■ **EXERCISE INPUT**
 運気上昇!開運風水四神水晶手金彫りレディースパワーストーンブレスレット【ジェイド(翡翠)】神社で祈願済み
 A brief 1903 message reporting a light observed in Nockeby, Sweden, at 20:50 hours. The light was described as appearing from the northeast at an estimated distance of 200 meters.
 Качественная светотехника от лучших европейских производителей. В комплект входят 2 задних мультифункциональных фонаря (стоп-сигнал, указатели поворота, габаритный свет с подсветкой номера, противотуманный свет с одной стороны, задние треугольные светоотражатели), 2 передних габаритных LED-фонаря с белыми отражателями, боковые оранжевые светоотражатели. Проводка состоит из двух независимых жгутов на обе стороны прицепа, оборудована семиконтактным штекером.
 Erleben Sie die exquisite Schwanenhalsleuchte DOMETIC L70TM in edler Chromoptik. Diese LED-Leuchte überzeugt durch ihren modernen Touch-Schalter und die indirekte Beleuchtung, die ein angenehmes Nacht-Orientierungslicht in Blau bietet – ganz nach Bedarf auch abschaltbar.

...

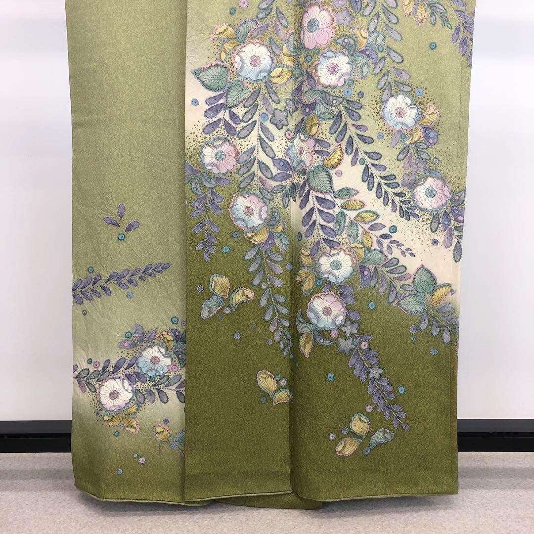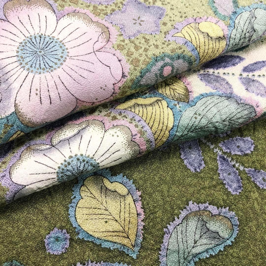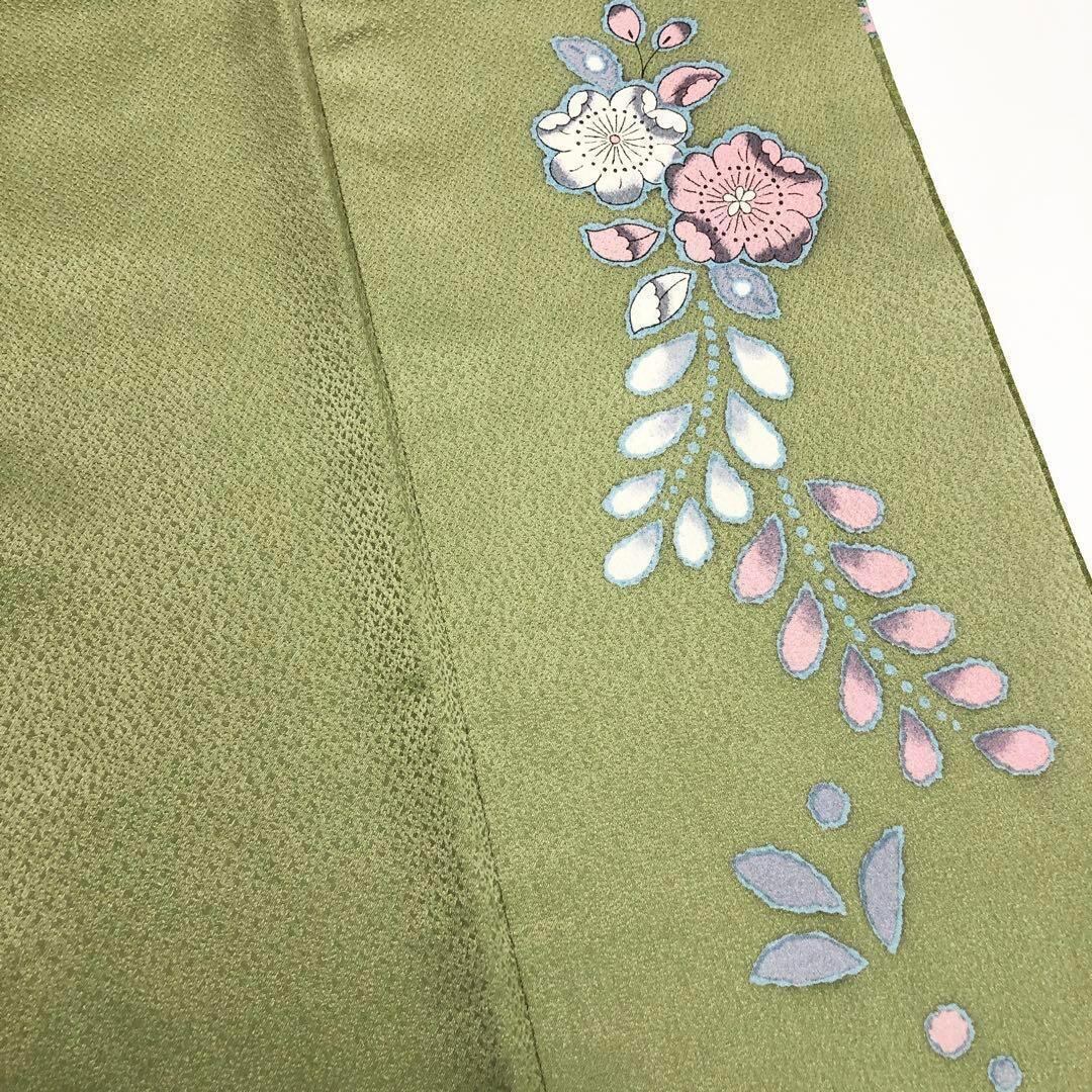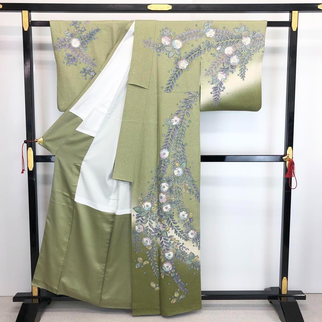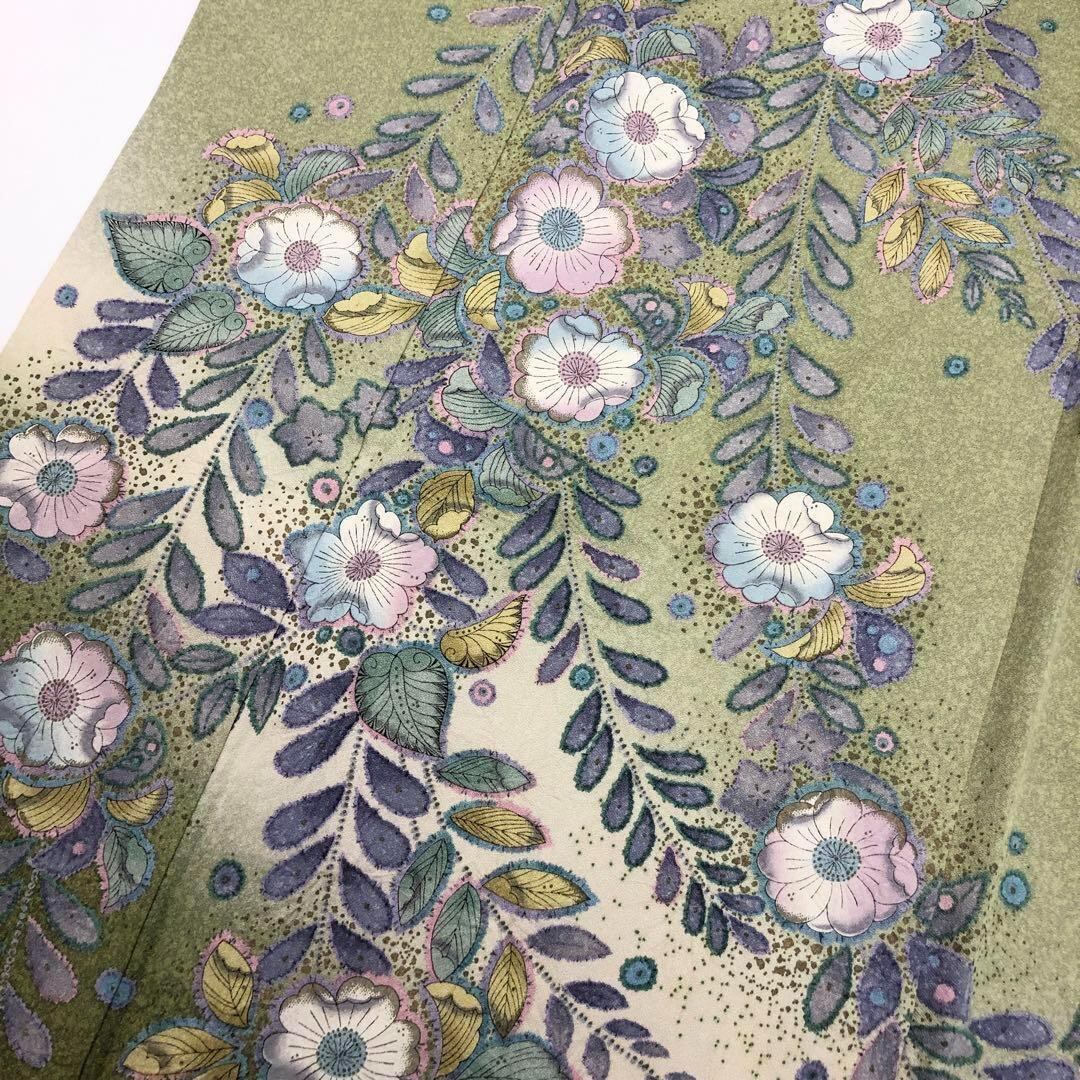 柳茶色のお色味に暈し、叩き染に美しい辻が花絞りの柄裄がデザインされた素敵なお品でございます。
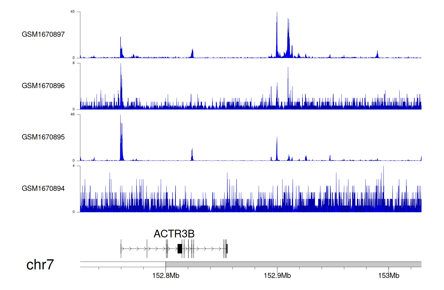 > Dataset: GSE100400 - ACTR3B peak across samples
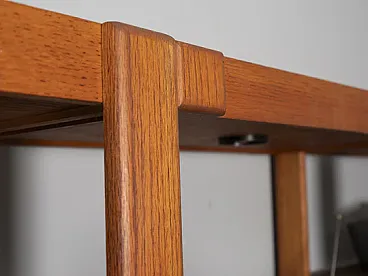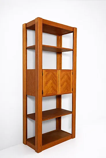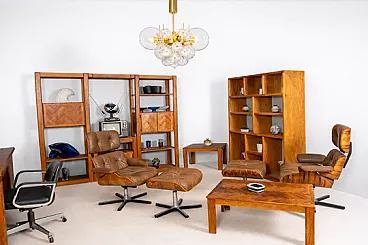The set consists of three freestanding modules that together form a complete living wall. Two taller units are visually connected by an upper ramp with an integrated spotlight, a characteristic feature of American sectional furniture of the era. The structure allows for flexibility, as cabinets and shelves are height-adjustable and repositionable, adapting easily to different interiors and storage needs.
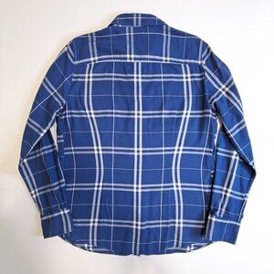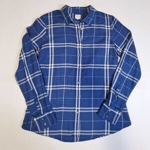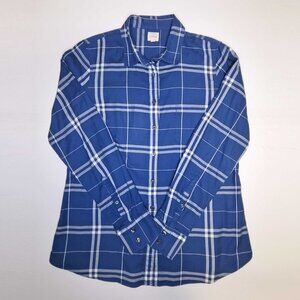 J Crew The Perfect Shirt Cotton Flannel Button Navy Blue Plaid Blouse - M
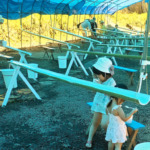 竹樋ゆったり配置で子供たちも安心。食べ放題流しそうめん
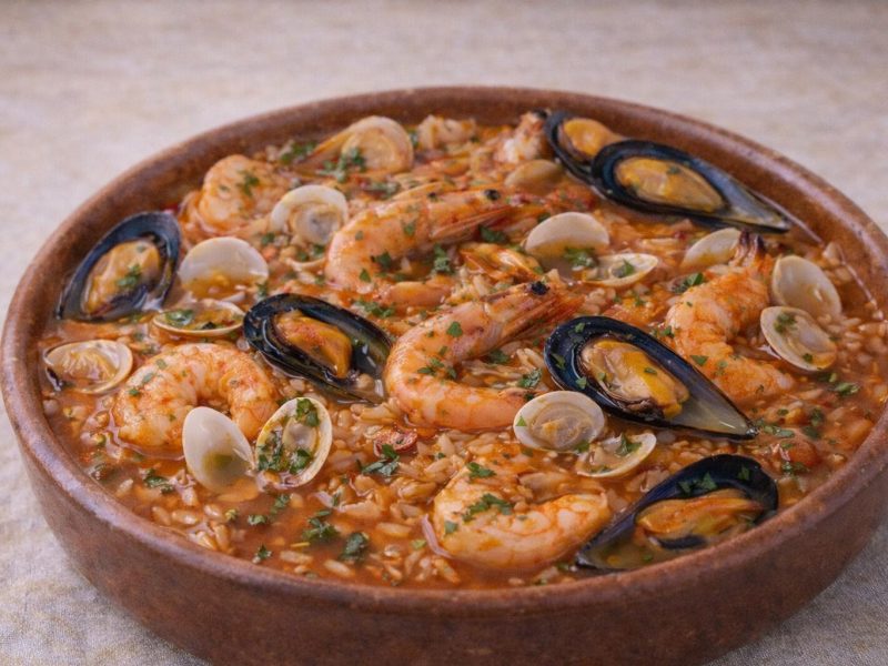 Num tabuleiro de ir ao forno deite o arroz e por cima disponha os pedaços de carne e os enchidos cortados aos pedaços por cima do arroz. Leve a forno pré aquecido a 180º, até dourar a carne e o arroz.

■ **ABOUT THIS EXERCISE**
Find the line with "The set consists" in the entries above. Set down exactly every line from it up to and including the line with "Num tabuleiro de", images excluded.

■ **FINAL ANSWER**
The set consists of three freestanding modules that together form a complete living wall. Two taller units are visually connected by an upper ramp with an integrated spotlight, a characteristic feature of American sectional furniture of the era. The structure allows for flexibility, as cabinets and shelves are height-adjustable and repositionable, adapting easily to different interiors and storage needs.
 J Crew The Perfect Shirt Cotton Flannel Button Navy Blue Plaid Blouse - M
 竹樋ゆったり配置で子供たちも安心。食べ放題流しそうめん
 Num tabuleiro de ir ao forno deite o arroz e por cima disponha os pedaços de carne e os enchidos cortados aos pedaços por cima do arroz. Leve a forno pré aquecido a 180º, até dourar a carne e o arroz.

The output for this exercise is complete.